__Description of the task__
Each line below from the line with "Аналогично для платежей" to the line with "Van plank tot" must be copied exactly, including those two, and no picture may appear in the copy.

#### Data for this task ####

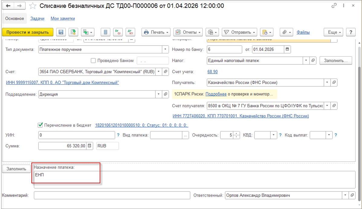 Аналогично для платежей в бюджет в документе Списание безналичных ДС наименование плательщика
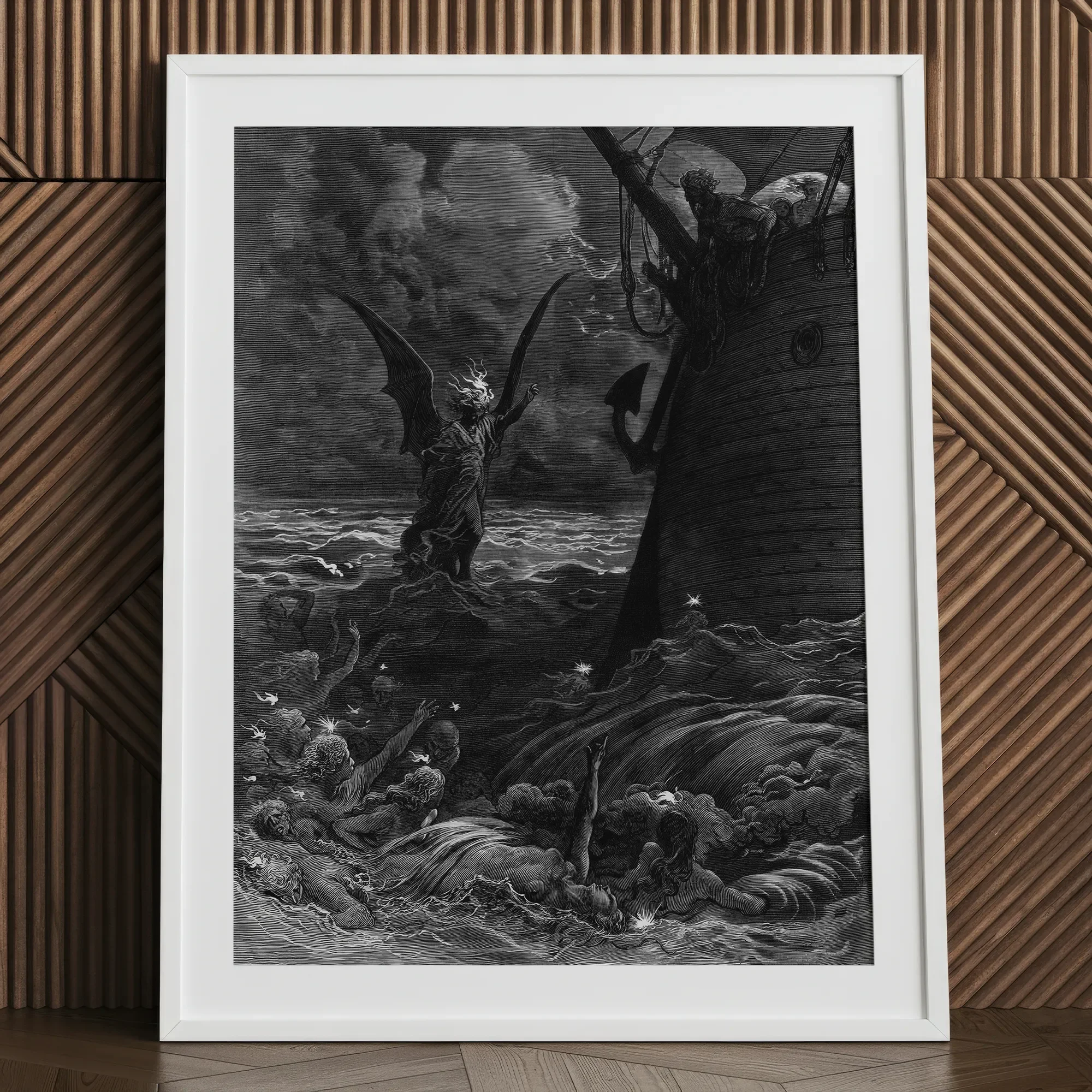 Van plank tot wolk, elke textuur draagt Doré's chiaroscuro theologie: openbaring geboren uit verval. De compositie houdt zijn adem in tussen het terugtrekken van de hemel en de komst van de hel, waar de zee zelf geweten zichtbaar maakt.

####
#### Data for this task ####

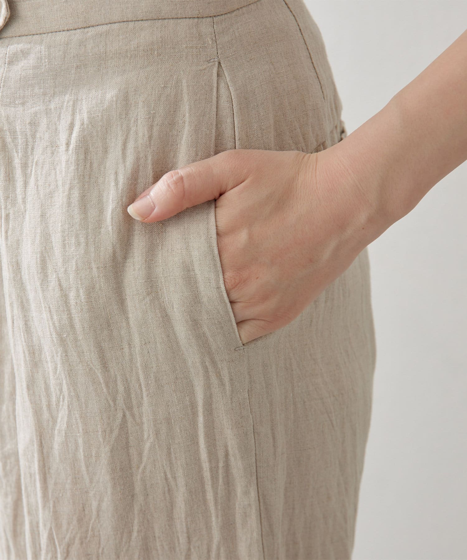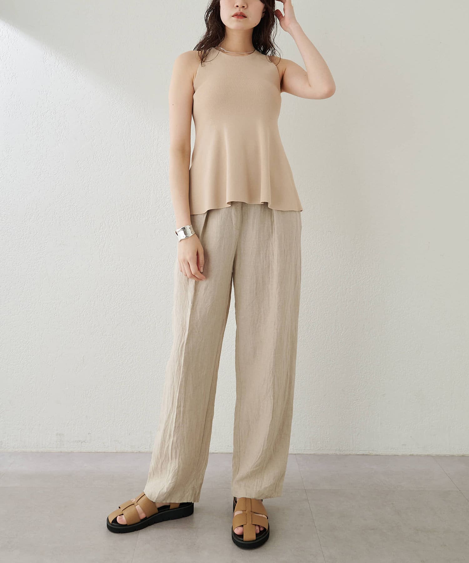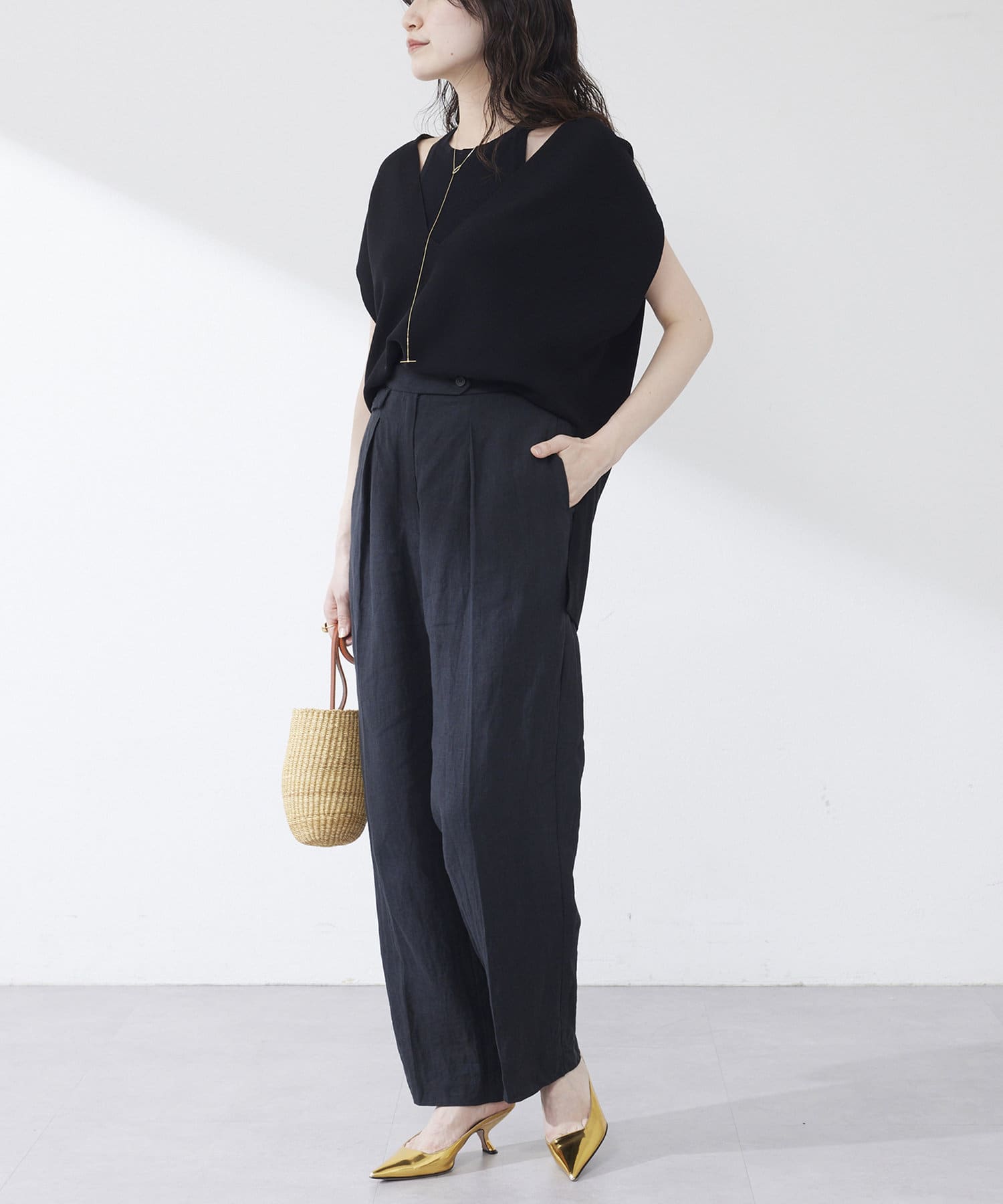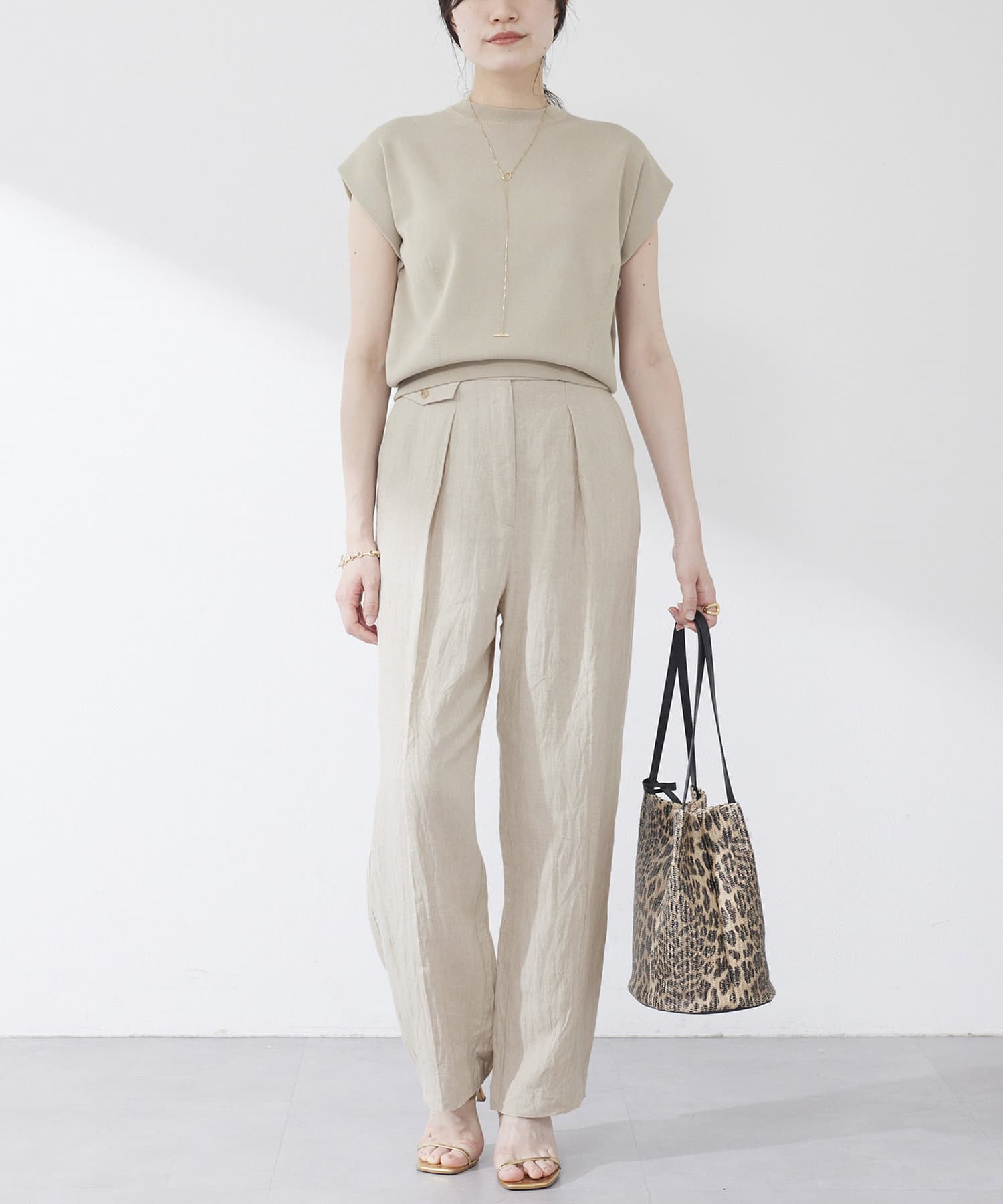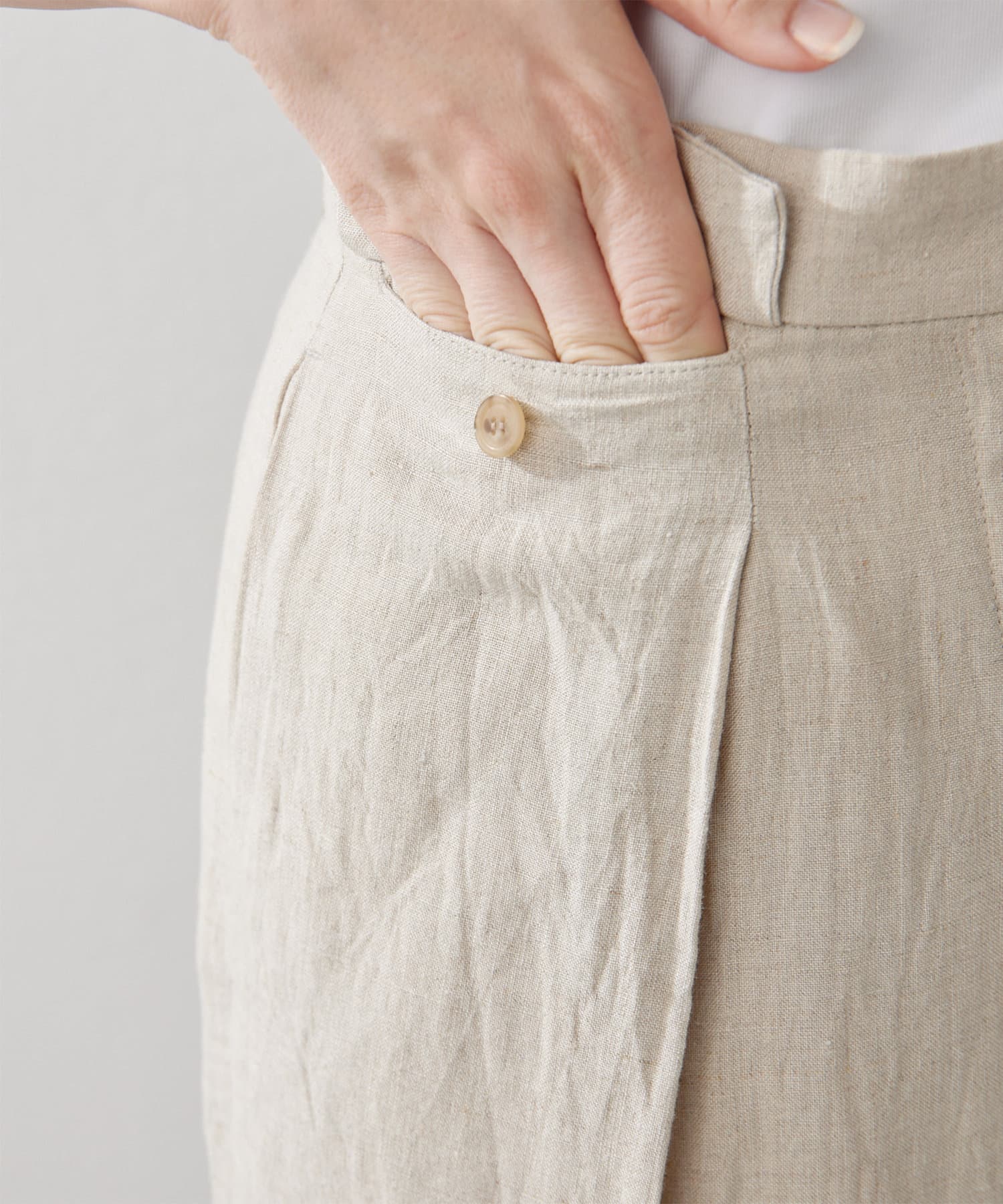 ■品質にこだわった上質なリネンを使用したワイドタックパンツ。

####

__Answer area__
 Аналогично для платежей в бюджет в документе Списание безналичных ДС наименование плательщика
 Van plank tot wolk, elke textuur draagt Doré's chiaroscuro theologie: openbaring geboren uit verval. De compositie houdt zijn adem in tussen het terugtrekken van de hemel en de komst van de hel, waar de zee zelf geweten zichtbaar maakt.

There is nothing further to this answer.